Further, in the step of forming the contact conductive film, as shown in FIGS. 27A to 27C and FIGS. 28A and 28B, the upper diffusion layer 14 exposed from between the second interlayer insulating films 11 is formed. A contact conductive film 12 is formed so as to embed (upper surface 1c). At this time, as a material used for the contact conductive film 12, for example, a silicon film doped with impurities can be used. Further, the material of the contact conductive film 12 is not limited to the above materials, and for example, a refractory metal film such as a titanium nitride film, a titanium film, a tungsten nitride film, or a tungsten film is used as a single layer, or these It is also possible to use the laminated film.
Further, after the contact conductive film 12 is formed, the surplus is removed by CMP polishing or the like.

  FIG. 29 is a perspective view of the laminate as viewed from the α direction shown in FIG. As shown in FIG. 29, in the pillar portion 1C, the upper diffusion layer 14 is formed in the upper portion, the lower diffusion layer 5 is formed in the lower portion, and the word line 10 (gate electrode 10A) is formed on both side surfaces. Also, a vertical MOS transistor is formed in which the vertical direction of the silicon substrate 1 is the direction in which the channel current flows.

<Process for forming capacitor>
Next, the manufacturing method according to the present embodiment may further include a capacitor forming step of forming the capacitor 13 on the contact conductive film 12.

  Specifically, first, a third interlayer insulating film 15 is formed by forming an insulating material so as to cover the upper surface of the stacked body shown in FIG. Next, a capacitor opening for exposing the contact conductive film 12 is formed in the third interlayer insulating film 15 (see FIG. 1B).

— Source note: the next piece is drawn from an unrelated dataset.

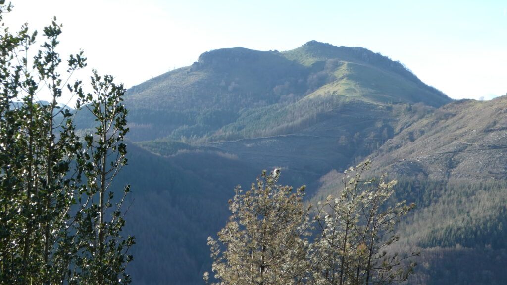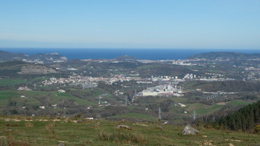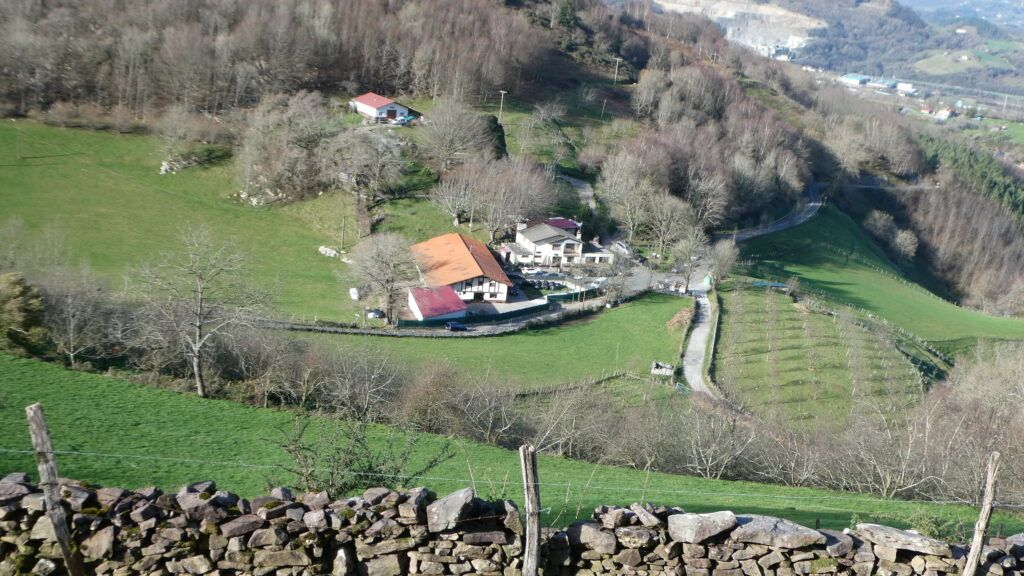 Regresamos a la pista que siguiéndola nos conduce en agradable paseo a Besabi, por Montefrío baserria, en una excelente travesía panorámica hacia el norte, cerrando el “boucle” precioso, destacando el hermoso paisaje con Donostia y los montes que rodean la capital guipuzcoana cerrando el horizonte.

Next, as shown in FIGS. 1A to 1C and FIGS. 2A and 2B, the capacitor openings of the third interlayer insulating film 15 and the capacitor conductive film 12 are covered so as to cover the capacitor openings. A capacitor lower electrode 13b connected to the contact conductive film plug 12 is formed. At this time, as a material of the capacitor lower electrode 13a, for example, a titanium nitride film or the like can be used.
Next, a capacitor insulating film 13a is formed on the capacitor lower electrode 13b. As a material of the capacitor insulating film 13a, for example, a zirconium oxide film or the like can be used.
Next, a capacitor upper electrode 13c is formed on the capacitor insulating film 13a. As a material of the capacitor upper electrode 17c, for example, a titanium nitride film or the like can be used.
Then, the capacitor upper electrode 13c is patterned into a predetermined shape, thereby forming the capacitor 13 including the capacitor lower electrode 13b, the capacitor insulating film 13a, and the capacitor upper electrode 13c.

<Other forming processes>
In the method for manufacturing the semiconductor device A according to the present embodiment, as shown in FIGS. 1A to 1C and FIGS. 2A and 2B, the capacitor 13 is further formed on the above-described procedure. A method of forming the fourth interlayer insulating film 16 on the capacitor upper electrode 13c can be employed. As the material of the fourth interlayer insulating film 16, a conventionally known insulating material can be used as described above.
Next, in the present embodiment, peripheral contacts (not shown) connected to the word line 10 (gate electrode 10A), the lower diffusion layer 5 and the like are formed so as to penetrate the interlayer insulating films 16, 15, 11 and the like.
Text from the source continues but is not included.